Вопрос был во взаимоотношениях с властью, в исчезающей возможности задержаться в собственном понимании мира, в терпении, в необходимости уцепиться за шанс остаться в живых — если не ты, то тебя, пусть и ценой чужой жизни. Сам Примо Леви «с легким сердцем»[589] оправдывал в Аушвице и в целом в Европе «всех тех, чья вина в условиях максимального принуждения была минимальной»[590], [591].
Еще в лагере Леви пытался размотать клубок добра и зла, отмахнувшись от нескрываемо презрительной первой фразы Лоренцо: «Чего еще ожидать от таких, как этот». В дальнейшем их отношения были абсолютно прозрачными. Я могу утверждать это, хотя и вынужден взвешивать слова. О том, что происходило на самом днище в течение тех шести месяцев, мы не знаем ничего — только рассказанное Леви, литературно обработавшим пережитый опыт.
Я имею в виду человеческие отношения, зародившиеся из горстки слов, а не квартал Бурге, жизнь на две страны, Фоссано XX века, вольняшек в Аушвице, многочисленные «перемирия», возвращение домой, дневные и ночные кошмары и попытки смягчить боль рассказами о ней. Я хочу сказать, что Леви словами увековечил человеческие отношения тех месяцев, запечатал, словно в пробирке, — и ничто, кроме этих слов и, возможно, рассказов других свидетелей, не сможет когда-нибудь их оживить.
Понятно, что произошедшее было противоположностью «уготованному нам будущему», прототипом которого являлись концлагеря. «Если бы фашизм победил, вся Европа превратилась бы в сложную систему из лагерей принудительного труда и уничтожения»[592] и «сегодня мы оказались бы в разделенном надвое мире: “мы” — синьоры с одной стороны и все остальные — работающие на нас или уничтоженные»[593].
Кто знает, какая роль была бы у Лоренцо в этом новом мире. Немногие сказанные им слова не дают понять, сознавал ли он масштаб своих поступков. Его характер показывают имеющиеся источники. Здесь на помощь приходит замечательный роман Ульриха Бошвица[594] «Люди, близкие к жизни» (Uomini vicini alla vita), действие которого происходит в Берлине 1930-х годов.
Автор был лет на десять младше Лоренцо и погиб, когда muradur только приехал в «Суисс». Бошвиц описал в романе старого некомпанейского попрошайку Фундгольца, который «видел жизнь каждый день такой, какая она есть, и совершенно не желал увидеть ее такой, какой она может быть». Его раздражала необходимость говорить — для этого нужно мыслить, на что у него нет желания. Он отвык думать и решать проблемы. Он довольствовался малым — «перекусить, немного денег на выпивку и место для ночлега: ничто другое его не волновало»[595].

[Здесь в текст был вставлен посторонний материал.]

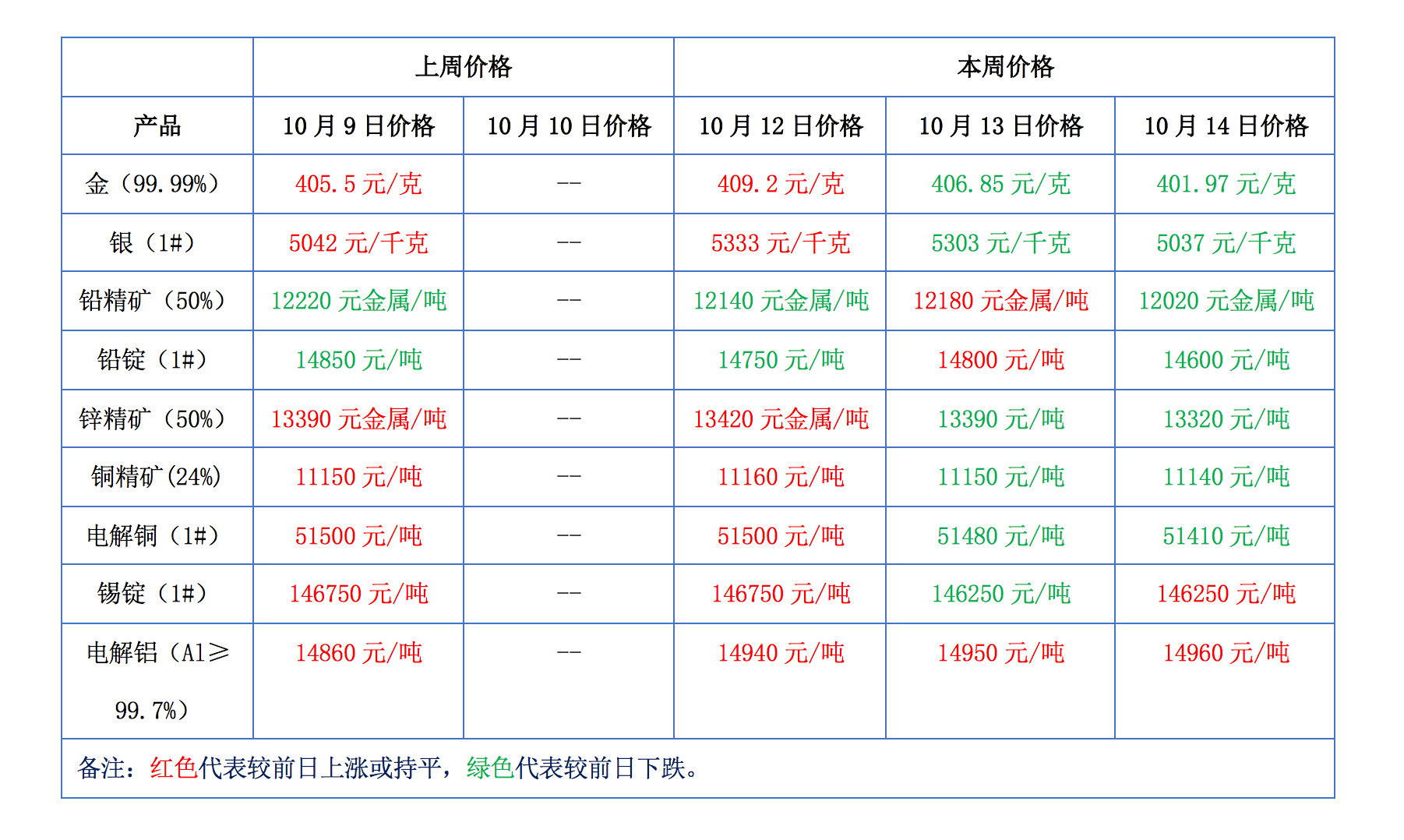 下表為本周金、銀、鉛、鋅、銅、鋁等主要有色金屬礦產(chǎn)品價格變動情況:

Проблема куда серьезнее дежурного вопроса — нам необходимо спросить аккуратно, чтобы не дать подсказку, не навязать «послание». Броккен пишет: «Я замечаю это у всех праведников: желание действительно что-то сделать. В то время, как обыватели с резиновой совестью стоят, опустив руки, или отворачиваются»[596].
Понимал ли Лоренцо, что там, в преисподней, шла речь о спасении не только настоящего, но и будущего? «Каменщик из Фоссано, который спас мне жизнь и которого я описал в своих книгах… ненавидел Германию, немцев, их еду, их речь, их войну», — писал Леви в «Канувших и спасенных»[597], [598].

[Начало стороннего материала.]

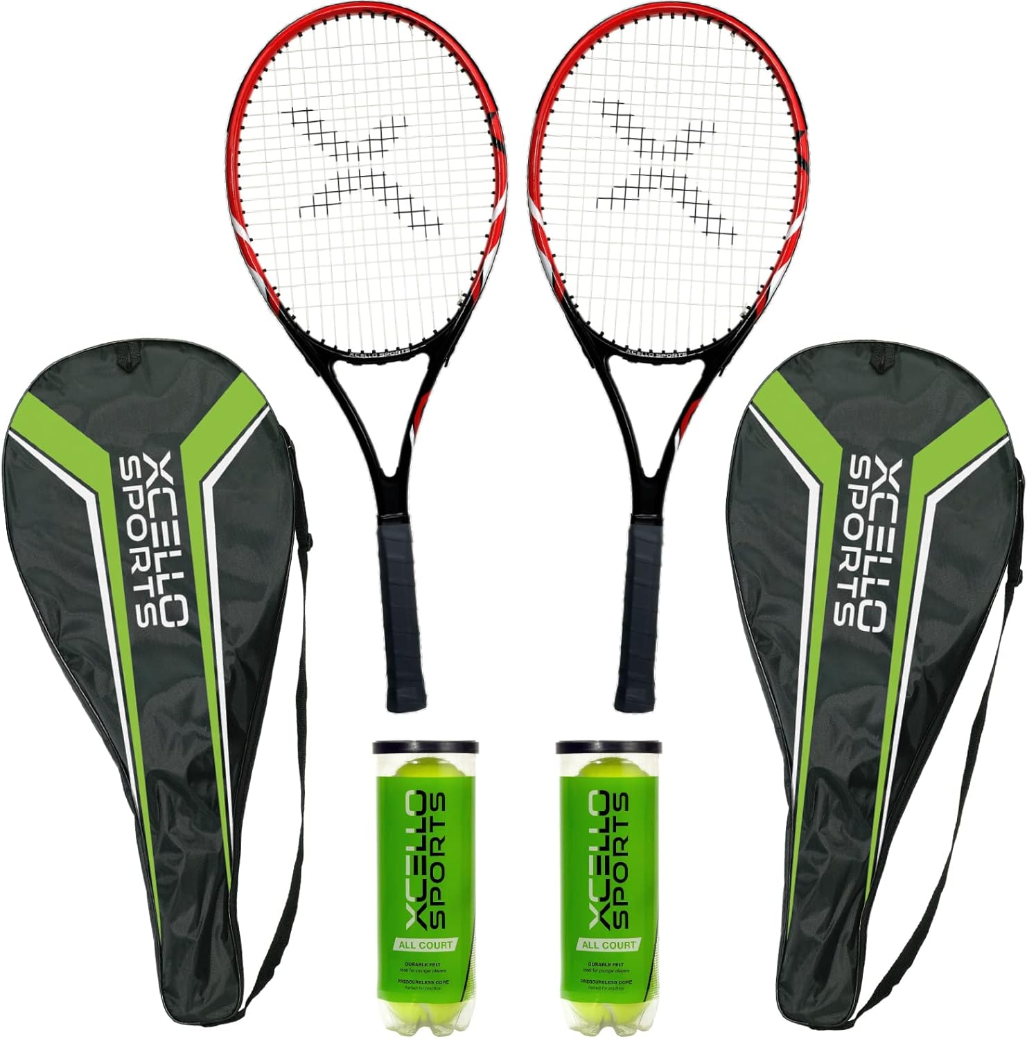 • A COMPLETE SET – The Xcello Sports 27″ Tennis Racket set comes with two Rackets, six tennis balls, and two oxford carrying cases.

До такой ли степени, чтобы рискнуть всем и преградить путь их планам господства? Понимал ли он, что прочно забытый или оставшийся в памяти, прославляемый или отвергнутый, он все равно вносит вклад в историю — и ее границы простираются намного дальше «необходимого ему минимума»? Желал ли он заклинить механизм уничтожения, запустив булыжник в самую его сердцевину? Хотел ли возопить на весь мир из бездны, исторгая накопленные в поколениях немой гнев, ярость и злость?
Не думаю, что на все эти вопросы есть ответы. Но я знаю, что и тогда было множество способов не подчиниться, потому что в человеческой истории ничто не предопределено. Умея действовать, Лоренцо не мог этого не знать — его поступки были каплями, которые точат камень. Они капали все время, ежедневно, день за днем.